"Indeed and indeed—" she looked him in the eyes and lied sweetly—"'Twas I needed them, for it's the devil and all for me to get any flowers out of my own garden. My two old gardeners are that mean! Darby 'd begrudge me a daisy for fear it 'd leave an unsightly gap in the grass. There he is, watching me for fear I 'll pull a leaf. Darby, this is Mr. O'Conor, and I 'm showing him the garden."
"If he 'd come fifteen years ago, your Ladyship, or even ten years ago, he 'd have seen the like would have made his heart glad. But in the latter years, with the bad weather that's in it, now too much rain and now not enough rain at all, and the wind that nothing is a shelter against, and the soil that's growing poor, for all the time that's spent on it, till it's hard to rear anything, even a head o' cabbage itself—m'lady, will you for God's sake leave off pulling at that hedge?"
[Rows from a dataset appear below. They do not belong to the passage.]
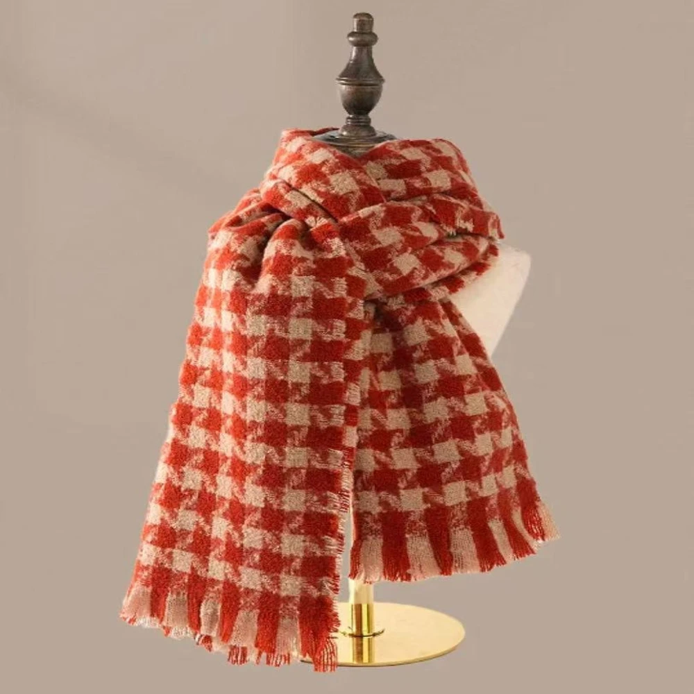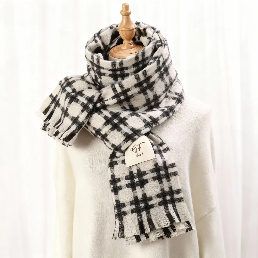 Black and White Plaid Printed Scarf Women's Autumn and Winter Polyester Fiber Scarf Fashionable and Versatile Warm Neck Shawl loading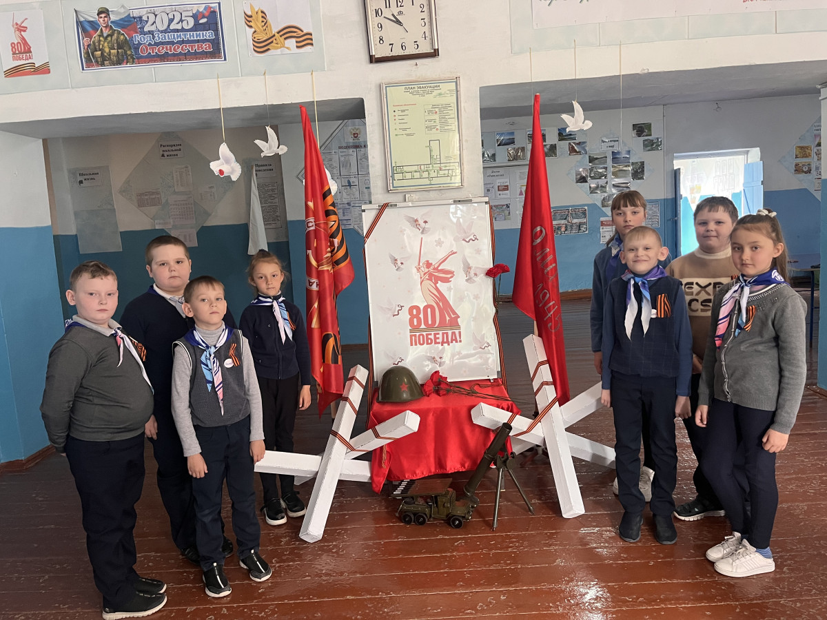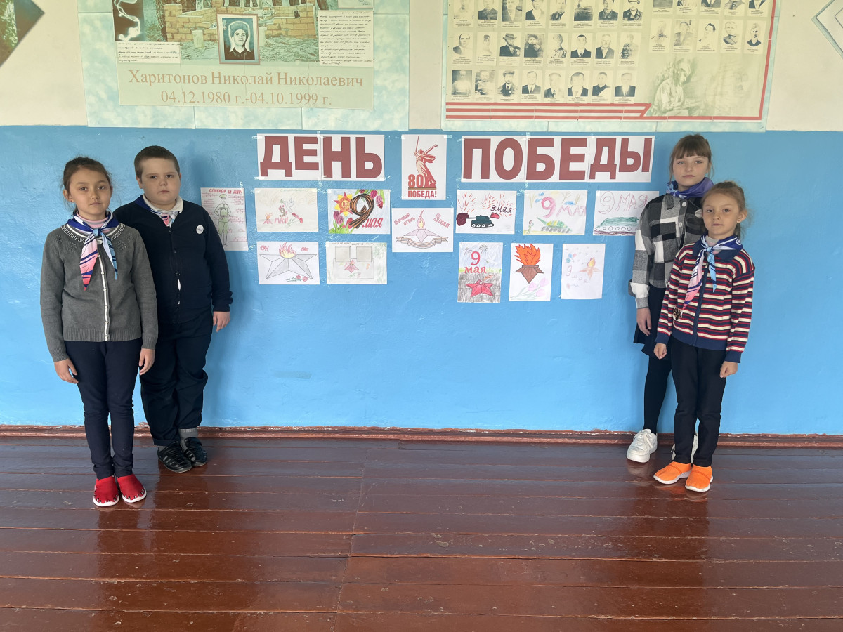 К юбилейной дате, посвященных Великой Победе, ребята участвовали во многих мероприятиях. Они украшали окна Победы, посетили школьный музей, побывали в библиотеке, почитали книги о войне, сфотографировались у Стены памяти героям военных сражений, у стенда Бессмертного полка с «Георгиевской ленточкой», оформили выставку рисунков "День Победы", приняли участие в торжественном митинге ко дню Победы, выступали на концерте к 9 мая.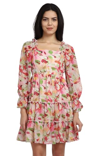 Allen Solly Women's Polyester Asymmetrical Knee-Length Dress (AHDRCRGF142558_Multi Multicolour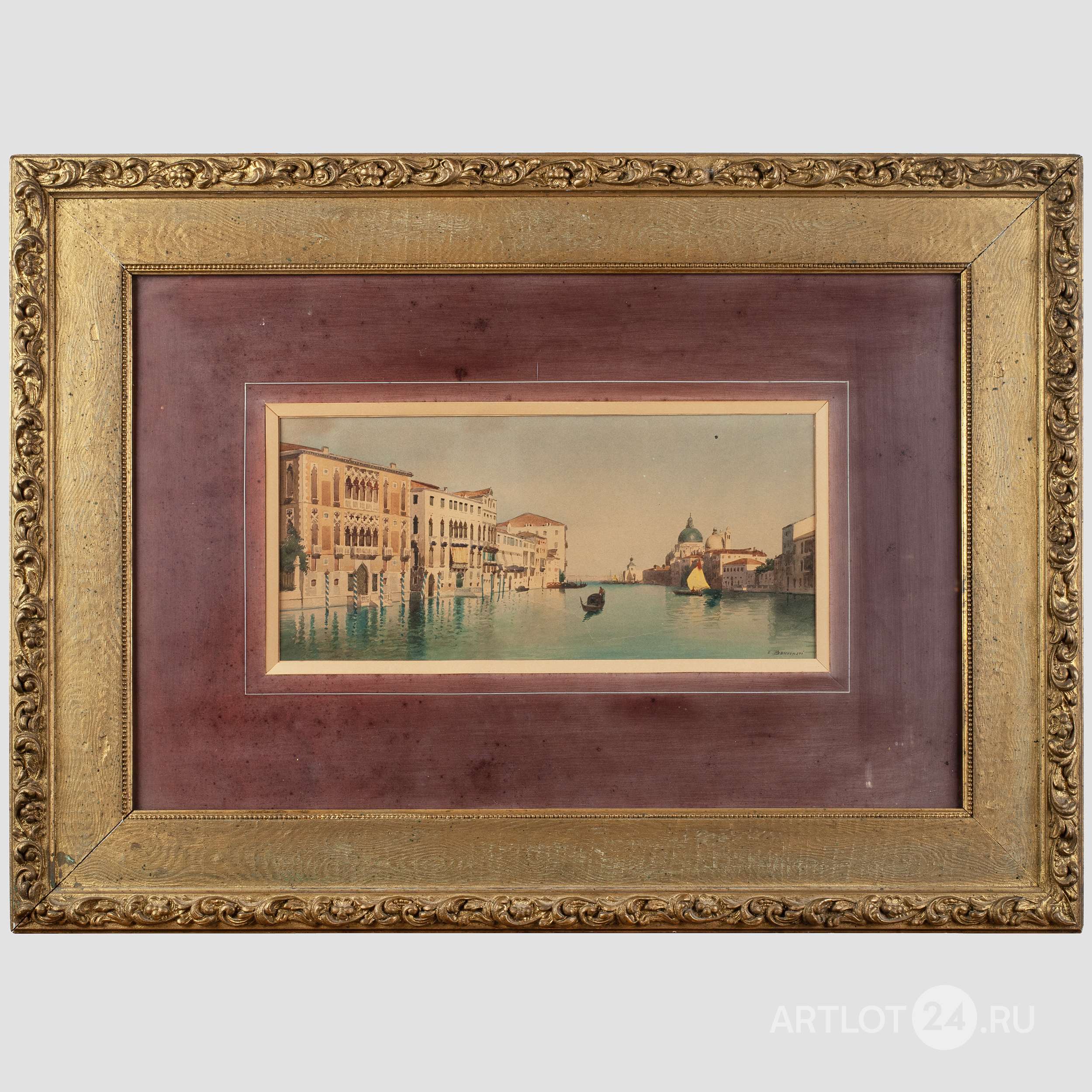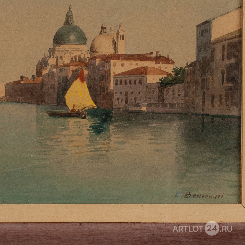 Бумага, акварель, подпись в левом нижнем углу «E. Benvenuti», итальянский художник Эудженио Бенвенути (Eugenio Benvenuti, 1881-1959), Италия, первая половина XX века, размер: 17 х 37,2 см, в раме: 54,5 х 74,6 см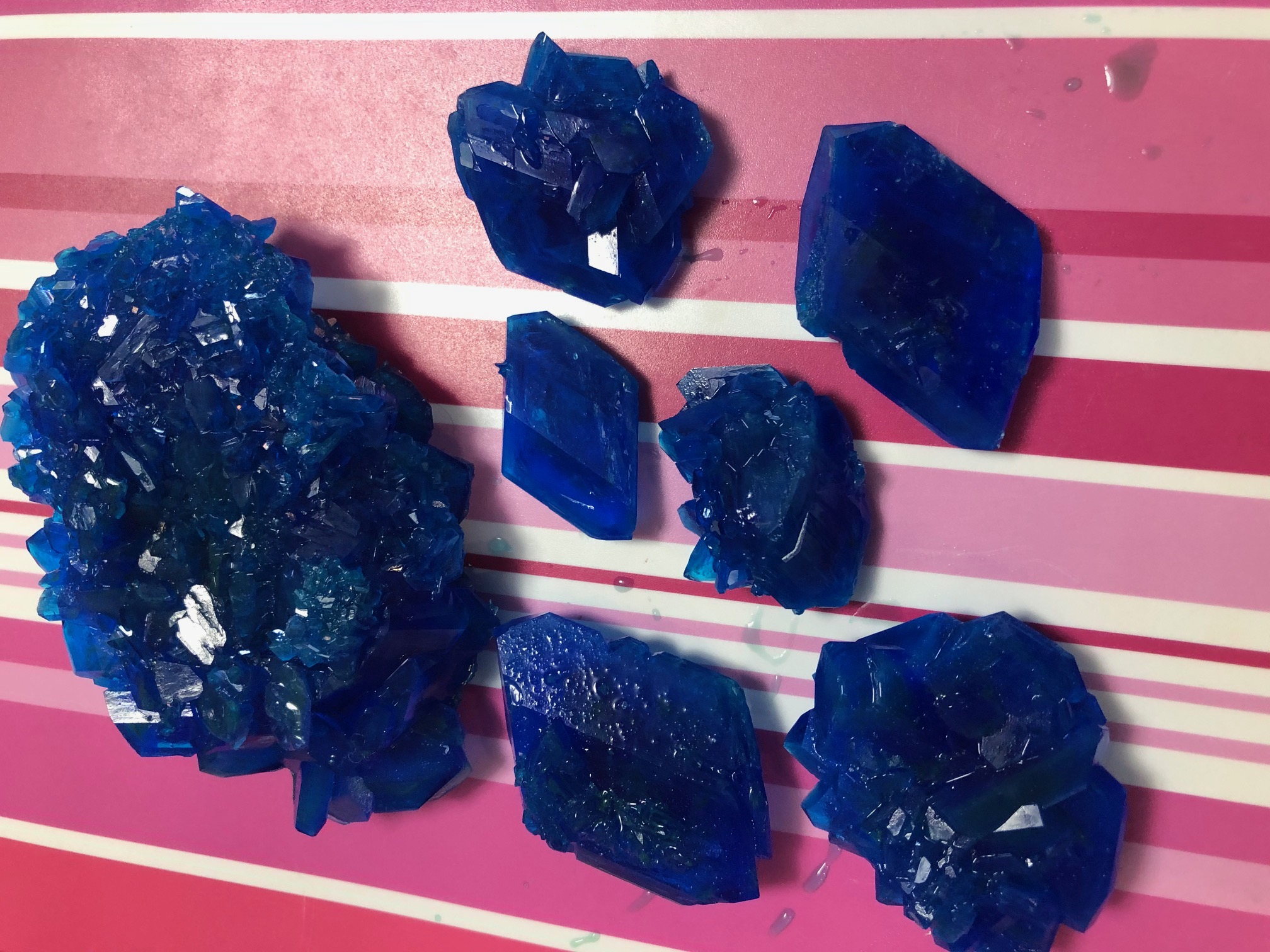 5. 24.04.2020 od ostatniej zmiany roztworu przełożony został w miejsce, w którym była odpowiednia temperatura, dzięki czemu kryształy zaczęły znów rosnąc.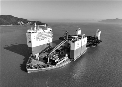 装载13艘船舶的“华瑞龙”半潜船在宁德灶屿水域等待启航(无人机照片)。3月3日,全球第三大半潜船“华瑞龙”在福建宁德灶屿水域装载13艘船舶启航前往非洲几内亚。本次装载的13艘船舶预计将于四月中旬运抵目的地。新华社记者 林善传 摄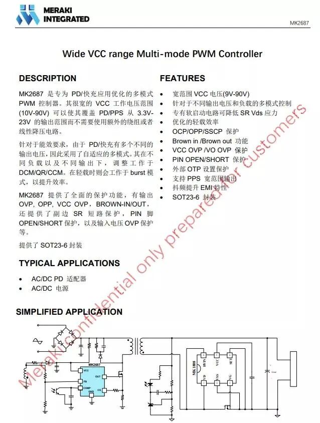 茂睿芯MK2687自主专利技术,能够显著降低开机时原副边功率管的电压尖峰,提高系统可靠性;MK2687是一款集成了多模式(CCM/DCM/QR)工作方式的PWM IC,多段式的频率曲线,有效提高系统效率。芯片推出半年来已经在多个客户实现量产。

She took him to see old Fenian in the paddock, and she liked the way he pulled the jumper's ears, ran his firm hand down the fetlocks.
"Was he a great horse?"
"Nearly the greatest of his day," she answered. "He never won a Grand National, but was third twice and second once. He had a great heart. No horse tried harder. The people loved him.... Kelleher, this is Mr. O'Conor, from America."
"From America, is it, your Ladyship? Oh, sure, they 've fine horses over there. But they 've got to come to us for the hunters. Begging your Ladyship's pardon, but was your Honor ever in Kansas City?"
"I was."
"D' your Honor ever meet a man named Hannigan out there? Red Hannigan, they called him, a holy terror for bloody murder, the same man was."
"I don't think so."
"He was n't as red as your Honor—begging your pardon—but sandy like. And he carried his head on one side on account of a belt in the gob he got in a wee argument out at the Lamb Doyle's."